The U.S. Constitution is murkier. In Blanton v. City of No. Las Vegas, 489 U.S. 538 (1989),and United States v. Nachtigal, 507 U.S. 1 (1993), the Court rejected claims that crimes with penalties of $1,000 and $5,000, respectively, were “serious offenses” to which the jury trial would attach[2]. But both cases recognized that there might be a “rare situation where a legislature packs an offense it deems ‘serious’ with onerous penalties that nonetheless ‘do not puncture the 6–month incarceration line.’” Here, there is an argument that the legislature intended to do exactly that, precisely because it was disallowed from imposing incarceration at the time of the Act’s passage. If that argument works, SB 8 defendants may have a federal constitutional right to a jury trial as well[3].

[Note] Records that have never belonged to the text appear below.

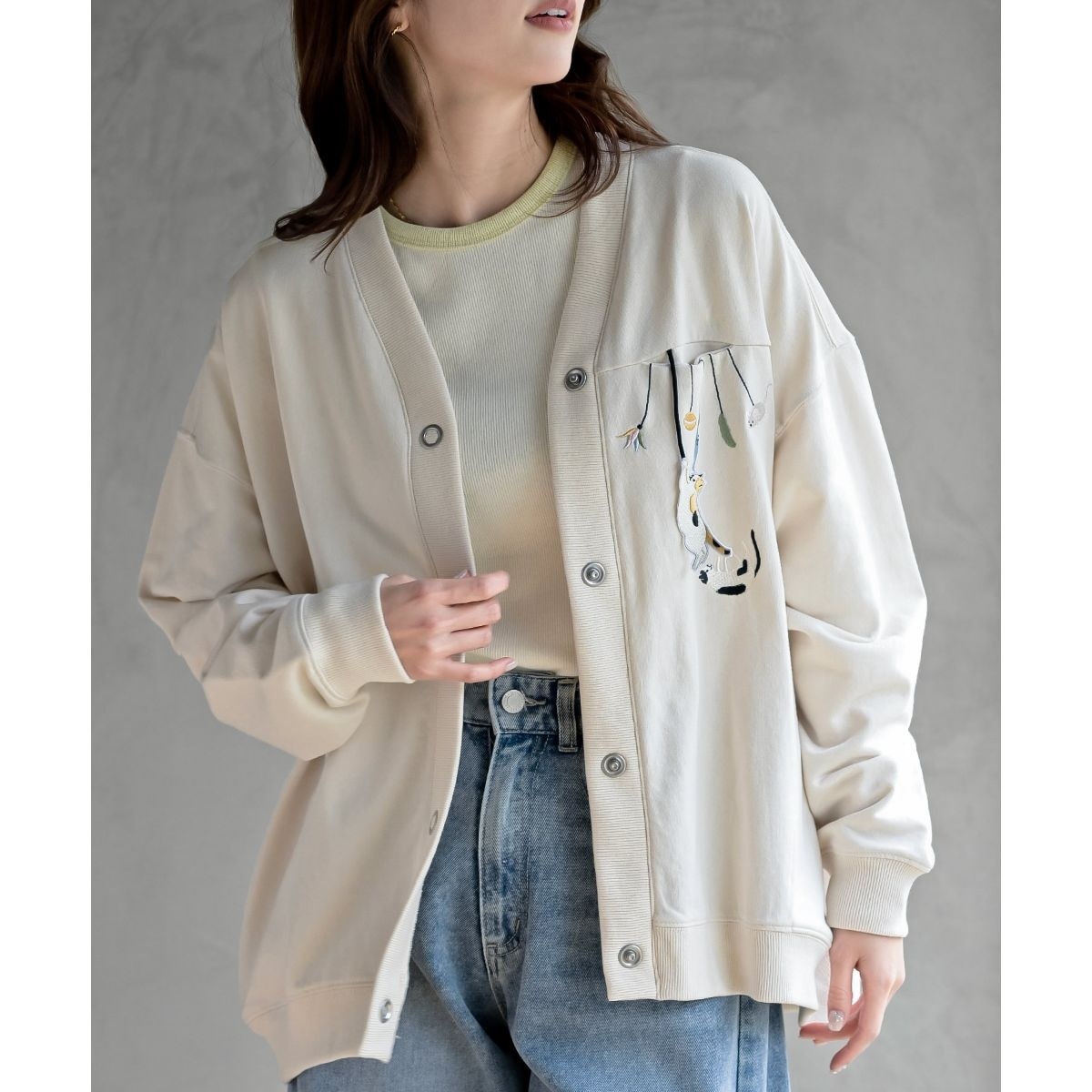 胸元で遊ぶ猫ちゃんがポイントのスウェットカーディガン。
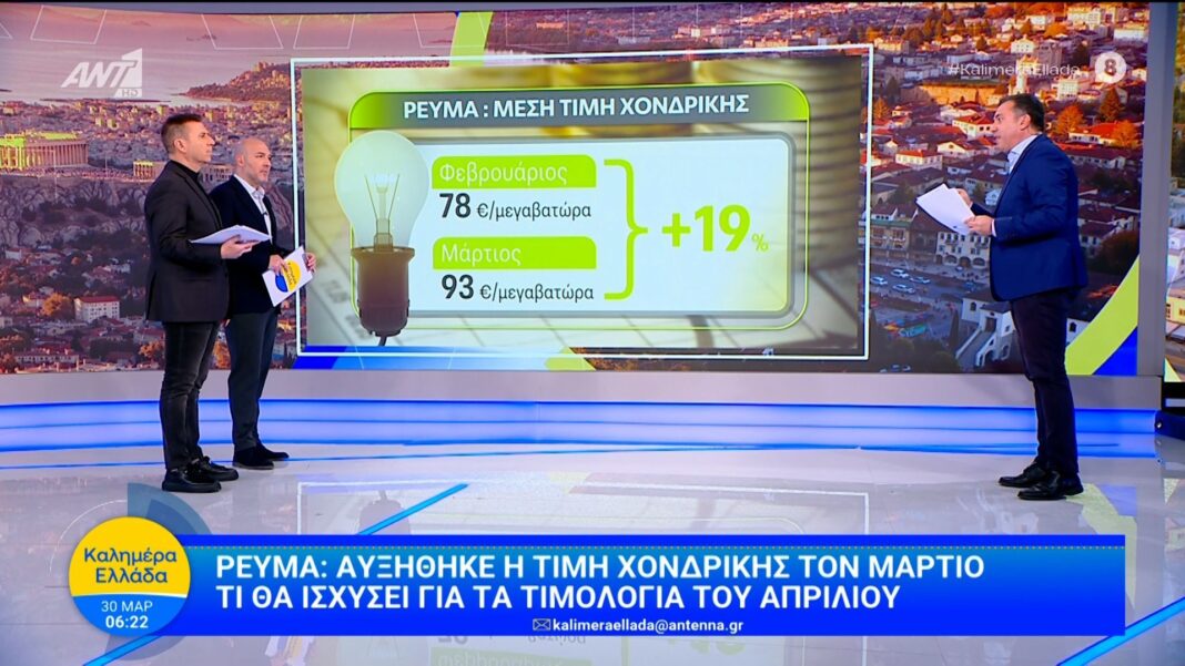 Ρεύμα: Αυξήθηκε η τιμή χονδρικής τον Μάρτιο – Καλημέρα Ελλάδα – 30/03/2026
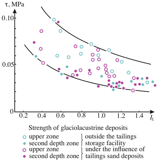 The dependence of the strength variation τ of glaciolacustrine clay deposits as the foundation soils of tailings storage facilities on their liquidity index IL [49].
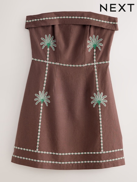 Chocolate Brown Palm Bandeau Mini Dress
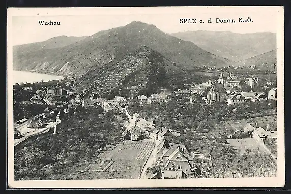 AK Spitz /Donau, Ortsansicht mit Donau aus der Vogelschau
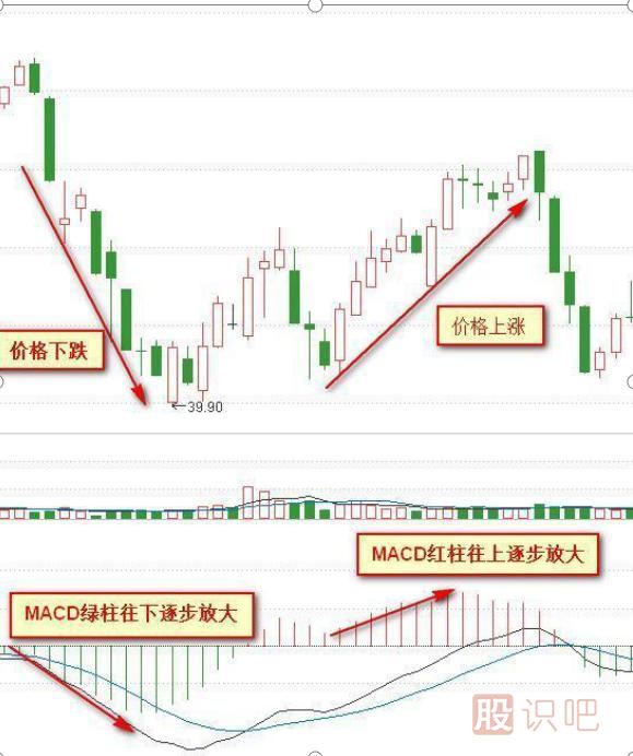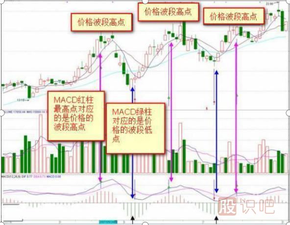 價格下跌,MACD綠柱逐步放大,當(dāng)綠柱出現(xiàn)最高點(diǎn)時(最長綠柱),價格也往往對應(yīng)出現(xiàn)波段低點(diǎn);(背離時不會對應(yīng))
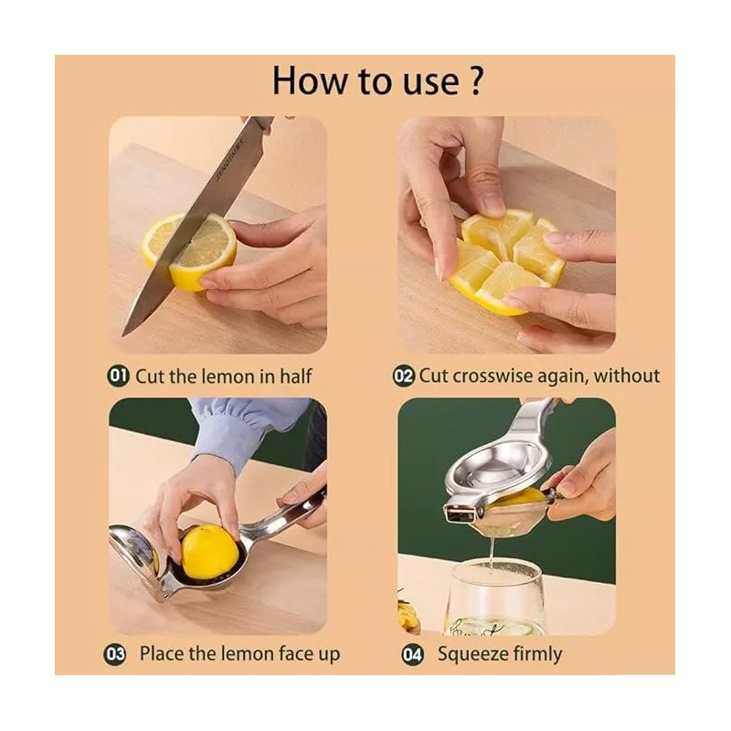 Alta calidad: hecho de acero inoxidable de grado alimenticio premium, no se oxida ni se deforma. El exprimidor de limón de diseño ergonómico te da un mango cómodo.

Lastly, this argument about purportedly civil sanctions actually being criminal ones—and thus requiring further criminal protections—has potentially broader reach. It may also mean that defendants facing punitive damages and other types of noncompensatory government civil sanction are entitled to the suite of protections of our constitutional criminal procedure.
Guha Krishnamurthi is an Associate Professor at the University of Oklahoma College of Law.
Thanks to Michael Dorf, Charanya Krishnaswami, Alex Platt, and Peter Salib for insightful comments.
[1] 522 U.S. 93 (1997).
[2] Nachtigal was in 1993 and the inflation calculator says that $5,000 in 1993 is equivalent to over $10,200 today.
[3] Moreover, setting aside summary judgment, Texas does not require unanimous verdicts for civil proceedings, but criminal proceedings do require unanimous verdicts (per Texas statute and the Supreme Court’s recent holding in Ramos). That too makes a substantial difference, especially in terms of nullification.